Pretty sure that was a BMW and 1.5 psi is the magic number for mayhem.

Nlpnt
Nlpnt
1 year ago
Reply to  David Tracy

Let’s assume two factory-new ones, completely stock as delivered to the dealer.

  1. What were the build tolerances?
  2. Were there two or more OEM tire suppliers?
TOSSABL
TOSSABL
1 year ago
Reply to  Nlpnt

‘build tolerances’ ?
Damnit, man: you made me nose-spit iced tea at the dog

—but, thanks for the laugh (after I got through choking)

Jake Harsha
Jake Harsha
1 year ago
Reply to  Nlpnt

Jeep YJ Build Tolerances: They tolerated no more than 3 or 4 drinks per break by the people building it.

Cyko9
Cyko9
1 year ago

Excellent article and the Internet is richer for it. Go Autopian!

I will say, instead of inspiring me to search YJ ads, I looked up what Comanches go for.

06dak
06dak
1 year ago
Reply to  Cyko9

Starting at $7199!

Citrus
Citrus
1 year ago

Scalding take:

The square headlights look good and were the right choice to make something look right in the ’80s.
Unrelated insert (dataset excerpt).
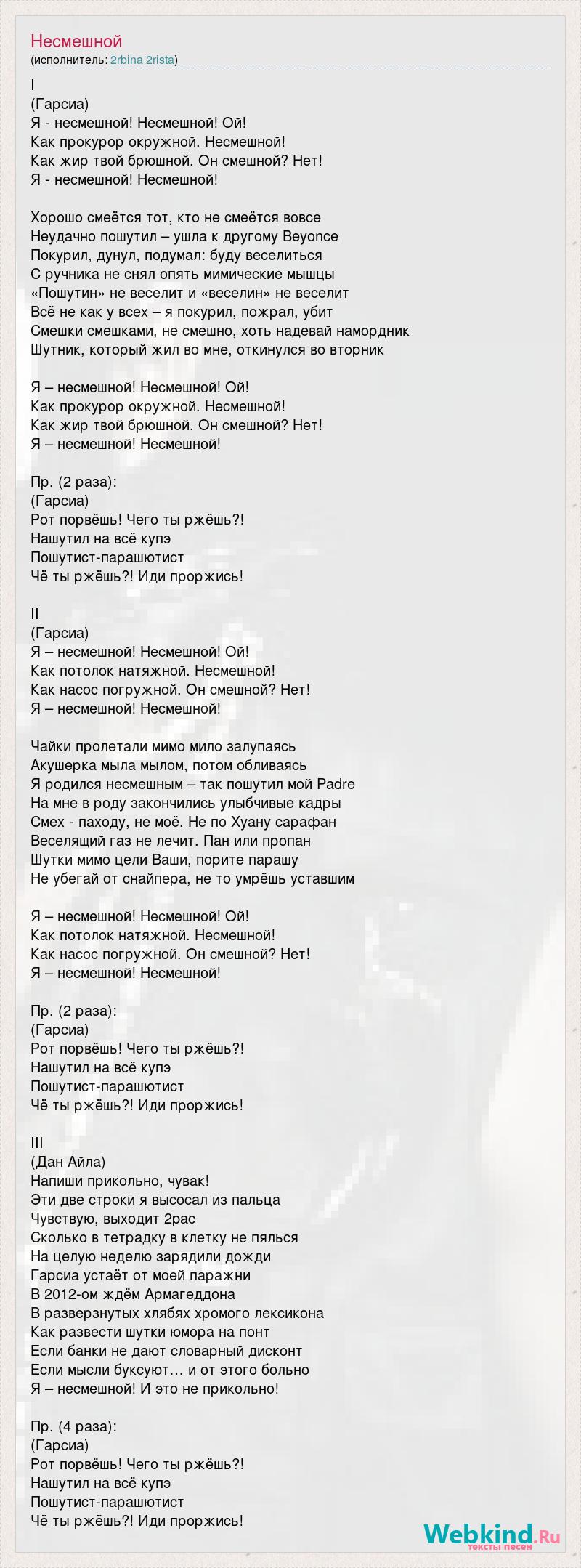 I (Гарсиа) Я - несмешной! Несмешной! Ой! Как прокурор окружной. Несмешной! Как жир твой брюшной. Он смешной? Нет! Я - несмешной! Несмешной! Хорошо смеётся тот, кто не смеётся вовсе Неудачно пошутил – ушла к другому Beyonce Покурил, дунул, подумал: буду веселиться С ручника не снял опять мимические мышцы «Пошутин» не веселит и «веселин» не веселит Всё не как у всех – я покурил, пожрал, убит Смешки смешками, не смешно, хоть надевай намордник Шутник, который жил во мне, откинулся во вторник Я – несмешной! Несмешной! Ой! Как прокурор окружной. Несмешной! Как жир твой брюшной. Он смешной? Нет! Я – несмешной! Несмешной! Пр. (2 раза): (Гарсиа) Рот порвёшь! Чего ты ржёшь?! Нашутил на всё купэ Пошутист-парашютист Чё ты ржёшь?! Иди проржись! II (Гарсиа) Я – несмешной! Несмешной! Ой! Как потолок натяжной. Несмешной! Как насос погружной. Он смешной? Нет! Я – несмешной! Несмешной! Чайки пролетали мимо мило залупаясь Акушерка мыла мылом, потом обливаясь Я родился несмешным – так пошутил мой Padre На мне в роду закончились улыбчивые кадры Смех - паходу, не моё. Не по Хуану сарафан Веселящий газ не лечит. Пан или пропан Шутки мимо цели Ваши, порите парашу Не убегай от снайпера, не то умрёшь уставшим Я – несмешной! Несмешной! Ой! Как потолок натяжной. Несмешной! Как насос погружной. Он смешной? Нет! Я – несмешной! Несмешной! Пр. (2 раза): (Гарсиа) Рот порвёшь! Чего ты ржёшь?! Нашутил на всё купэ Пошутист-парашютист Чё ты ржёшь?! Иди проржись! III (Дан Айла) Напиши прикольно, чувак! Эти две строки я высосал из пальца Чувствую, выходит 2pac Сколько в тетрадку в клетку не пялься На целую неделю зарядили дожди Гарсиа устаёт от моей паражни В 2012-ом ждём Армагеддона В разверзнутых хлябях хромого лексикона Как развести шутки юмора на понт Если банки не дают словарный дисконт Если мысли буксуют… и от этого больно Я – несмешной! И это не прикольно! Пр. (4 раза): (Гарсиа) Рот порвёшь! Чего ты ржёшь?! Нашутил на всё купэ Пошутист-парашютист Чё ты ржёшь?! Иди проржись!

I mean dropping them for the TJ made sense – square headlights wouldn’t fit softer ’90s trends – but I’ve always rolled my eyes at the traditionalists who always want a car to look like it was 1963. Porsche fans are also bad for this.

Rust Buckets
Rust Buckets
1 year ago
Reply to  Citrus

I rather like yjs. Purists take the fun out of everything.

121gwats
121gwats
11 months ago
Reply to  Rust Buckets

I draw the line at grumpy grills.

OptionXIII
OptionXIII
1 year ago
Reply to  Citrus

I’m willing to guess a large part of the meeting room justification for it was to give a visual distinction that this was a new vehicle in order to distance the new YJ from the rollover issue on the CJ that David kept alluding to.

PlatinumZJ
PlatinumZJ
1 year ago
Reply to  Citrus

Ah, the “real Jeeps have round headlights!” crowd…funny how they got quiet after the Liberty was introduced. ^_^

TXJeepGuy
TXJeepGuy
1 year ago
Reply to  PlatinumZJ

and they all make a kinda exception for the XJ these days.

S13 Sedan
S13 Sedan
1 year ago
Reply to  Citrus

When I was a kid, back when the TJ was the latest and greatest, I was one of those round headlight diehards but as I’ve gotten older, I’ve really started to like the YJ. Like you mentioned, they were the right headlight for the time. Sometimes I even think I prefer how the YJ looks over the TJ

121gwats
121gwats
11 months ago
Reply to  S13 Sedan

I prefer how the frame looks over a TJ, lol. They are notorious for rusting out, so if you’re looking for a used Wrangler its either CJ, YJ, JK.

Mr. Fusion
Mr. Fusion
1 year ago
Reply to  Citrus

Yes, at the time the YJ was released, round headlights were visual shorthand for “This vehicle is old & outdated” as far as the general public was concerned. The rectangular headlights met the expectations of the time, and also announced that this was indeed a new Jeep.

Thomas Metcalf
Thomas Metcalf
1 year ago
Reply to  Citrus

The square lights were a good clean break with the CJ line. The style was also perfect for the 80’s.